On Tuesday, Manhattan Supreme Court Judge Alexander M. Tisch ruled that the case can move forward, spiking a motion to dismiss filed last July by the NYPD’s lawyers. The judge noted state law prohibits the police from using sealed arrest information without first obtaining court permission.
It marks the first time a court has determined the Police Department’s policy of routinely using sealed arrest information is unlawful.
“This is a big deal,” Jenn Rolnick Borchetta, deputy director of the Bronx Defenders’ Impact Litigation Practice, told THE CITY on Tuesday.
“The NYPD today uses sealed arrest information for law enforcement purposes like surveillance, for predictive policing, and targeting people for investigations… Today’s ruling means that that access that they’re giving to officers throughout the department — sometimes at the click of a button on their iPhones — is unlawful,” she added.
The New York state law in question, dating to 1976, requires cases to be sealed “upon termination of criminal action in favor of the accused” — unless a judge decides justice would be better served by keeping records public.

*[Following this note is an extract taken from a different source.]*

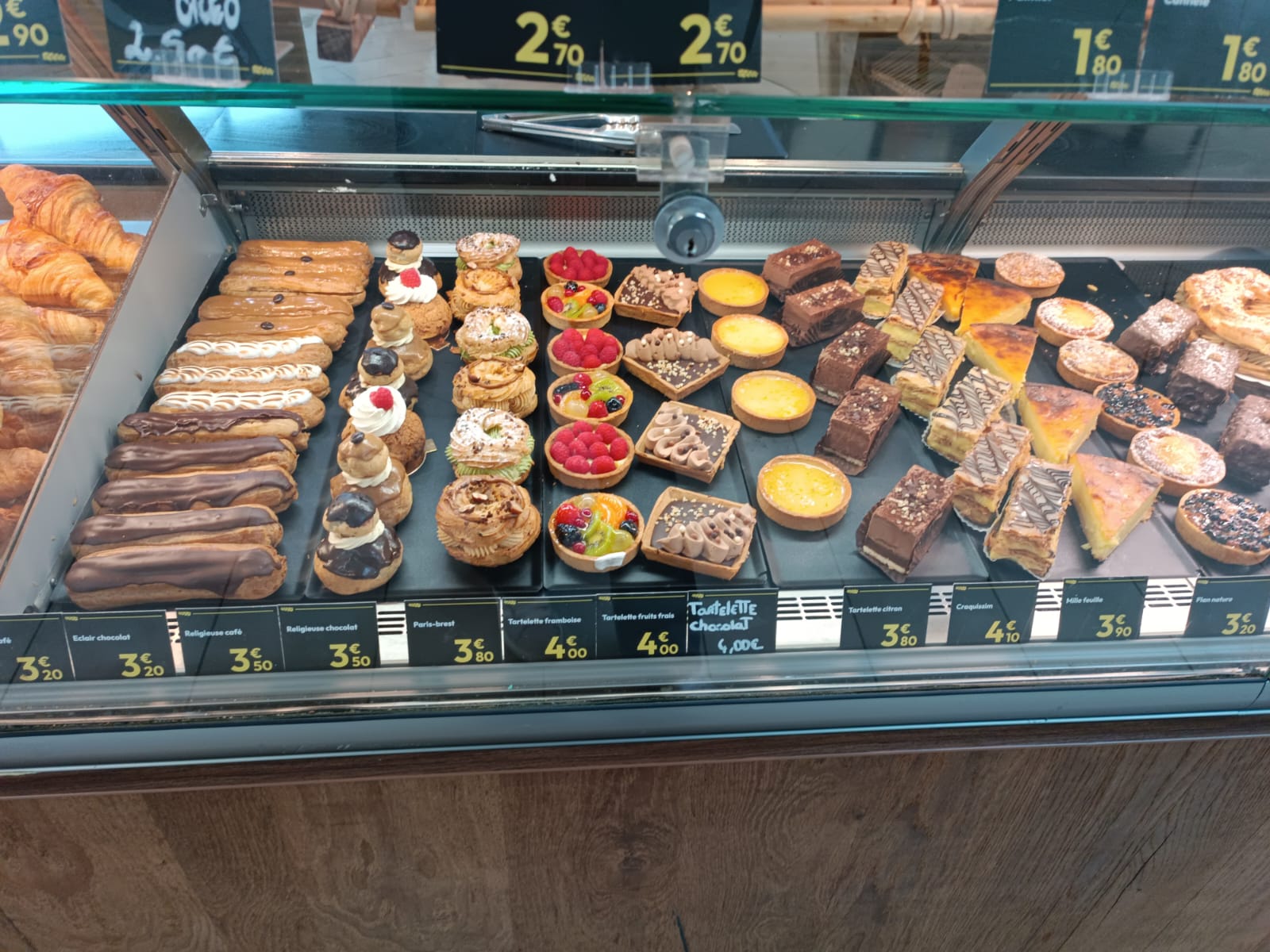 Éclairs gourmands, flans onctueux, tartes de saison et douceurs sucrées.

In his ruling, Tisch wrote, “The statute provides a blanket sealing for arrest information” in protected cases. He added there is no interpretation of the law that would allow those records to be used for internal police investigations.
Case Is Under Review
An NYPD spokesperson said only that the department “is reviewing the implications.” A spokesperson for the city’s Law Department also said the decision was under review.
The plaintiffs provided THE CITY with copies of NYPD “Detective Guide” pages that address sealed records. At no point does the guide, obtained through a Freedom of Information Law request, indicate that court permission is necessary.
The state statute also mandates that mugshots and fingerprints in sealed cases be destroyed.
But in just the last few years, the NYPD has retained hundreds of thousands of sealed arrest records — which can also include names, photographs and addresses, according to the Bronx Defenders. Between 2014 and 2016 alone, the complaint alleges, police collected personal information from approximately 820,000 arrests – about half of which should have been sealed.
“At least — that’s a conservative number,” Borchetta said.
Black and Latino New Yorkers are especially vulnerable when access to this information is not limited, she added. More than 75% — 330,000 of the sealed arrest records from 2014 to 2016, the Bronx Defenders said — belonged a black or Latino person.
“The policing in places like The Bronx of people of color is an overly broad dragnet,” she said. But even when cases are later tossed out, “the NYPD is still using those accusations, those arrests, against them.”
The class-action suit, which also contends police often share the sealed records with prosecutors and journalists, was filed on behalf of three plaintiffs listed just by their initials, and any others affected by the NYPD’s use of sealed arrest data.
The parties are next due in court on May 22.